In today’s day and age where people rely on social media and dating apps to find significant others, it may be a bit challenging to find “the one.” Not everyone is ready or willing to rely on technology to make what is widely considered one of the most important decisions a human being can make – their choice of spouse or partner.
As a younger millennial, dating amongst my generation is almost done exclusively through the use of technology. Countless hours are spent swiping, liking, unliking, and undoing any version of the infamous “super like,” a way to really convey interest in someone you may never meet.
Personally, I opt for more old-fashioned means of communicating, meaning I like to take the women I’m interested in out on dates to get to know them better. Regardless of how one goes about searching for their significant other, everyone has a type, a best fit if you will. Mine? Smart, ambitious, fearless women. Why? I can think of a few reasons.
I’ve learned a great deal from intelligent women. My mother is the most intelligent woman in my life right now. Without her, the vast amount of knowledge I possess might not be here. She taught me that, while it isn’t safe to put all men in a box, there are two classic types of men out there when it comes to dating: those who can tolerate someone whose intellect rivals that of their own, and those who only want to feel good about themselves. One group grows while the other silently wilts.
At eight years old, I had no idea what she meant, but I’ve since come to understand her verbiage. In essence, from her vantage point, there are men willing to court women who may make them feel slightly insecure. These men end up growing beyond their wildest belief, eventually learning how to prioritize their love lives over their egos. Then there are those who choose ego over growth. They end up bitter, cynical, and emasculated.
I’ve grown to realize not all men fit into her boxes, but the point stuck. She showed me levels of wisdom I grew accustomed to being around, wisdom that played a role turning me into the sensitive male I am, one who champions smart women. Their intelligence rubs off on all those around them, much more so the person they’re intimately involved with. Women are a force of nature capable of influencing their surroundings in ways similar to Mother Nature’s influence on Planet Earth.
Ambition is a sign of a desire to grow. Not everyone is ready or willing to push themselves past their comfort zone on a continual basis; it takes tremendous effort to do that. Ambitious women push themselves to be the best version of themselves. Other women would rather grow only up until the point where they find a spouse (which is perfectly fine if that’s what you’re into), allowing their growth to lead them to the vicinity of other growth-minded individuals who could serve as potential spouses. Again, no judgment regarding either type, but one group seems more poised to achieve success in all their endeavors than the other. As the adage says, “if you aren’t growing, you’re dying.” Ambitious women thrive in part because of their ambition.

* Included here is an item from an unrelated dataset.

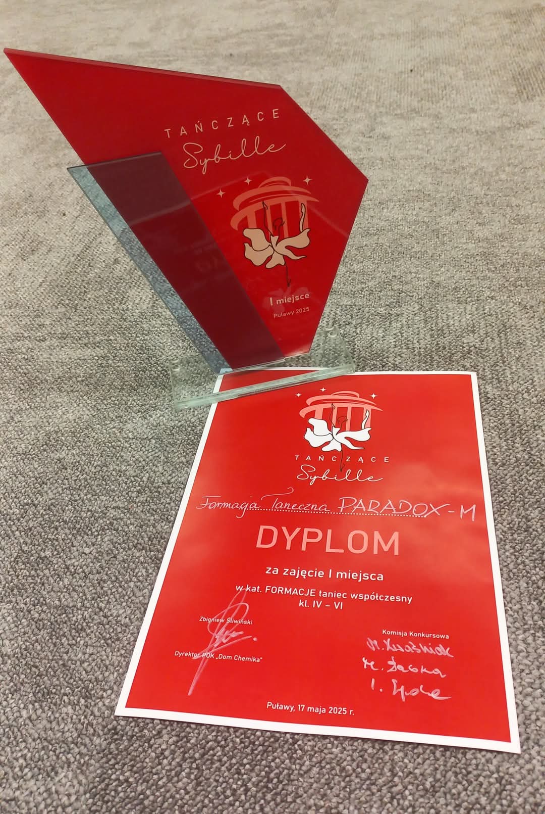 Z radością informujemy, że Formacja Taneczna PARADOX M zdobyła I miejsce w kategorii Taniec Współczesny (klasy IV–VI) podczas II edycji Festiwalu „Tańczące Sybille”, który odbył się 17 maja 2025 roku w Puławskim Ośrodku Kultury „Dom Chemika” .

Fearless women are strong women. As humans, we’ve survived as a species partly because of fear and its role in keeping our ancestors from making decisions that would’ve ended our lineage. If our ancestors weren’t fighting for survival, they were looking for tactical advantages to ensure they could pass their genes down from one generation to the next. So, in essence, to be fearless is to be incredibly bold, unyielding in the face of life’s innumerable uncertainties. It’s being a risk-taker.
Women of this caliber are extremely appealing because they also fearlessly navigate a patriarchal society hard-wired to judge their every move. Imagine living in a world where your gender is viewed as inferior. Not because it is, but because that label was thrust upon you. That wouldn’t feel so good, would it? Yet, since the founding of this great nation, women have been fighting for equality, all while trying to survive and thrive the same way every other member of our species does. This takes tremendous strength that transcends into every area of their lives, including relationships. Who wouldn’t want to date, marry, and rear kids with someone who possesses the strength of someone along the lines of Wonder Woman?
Intelligent, ambitious, fearless women should be heralded and praised, not shunned or cast to the side. They are worthy prospects to date, marry, and raising a family with, when they will have you. If their characteristics come off as intimidating, good. It most likely means you’ve found an equal counterpart, one that can help you grow in ways you haven’t imagined. A man who intentionally courts and weds a woman that isn’t on his level intellectually or otherwise is oblivious to the beauty of “Wonder Women,” women who, like the character portrayed by Gal Gadot, are immensely fierce, competent, strong individuals capable of superhero like feats. I know of many men who watched the Wonder Woman film when it was released in 2017 with a sense of longing, hoping to one day wed someone of that caliber. As a man raised by one such woman, I know how beneficial they are to us and to the world. They truly make a difference.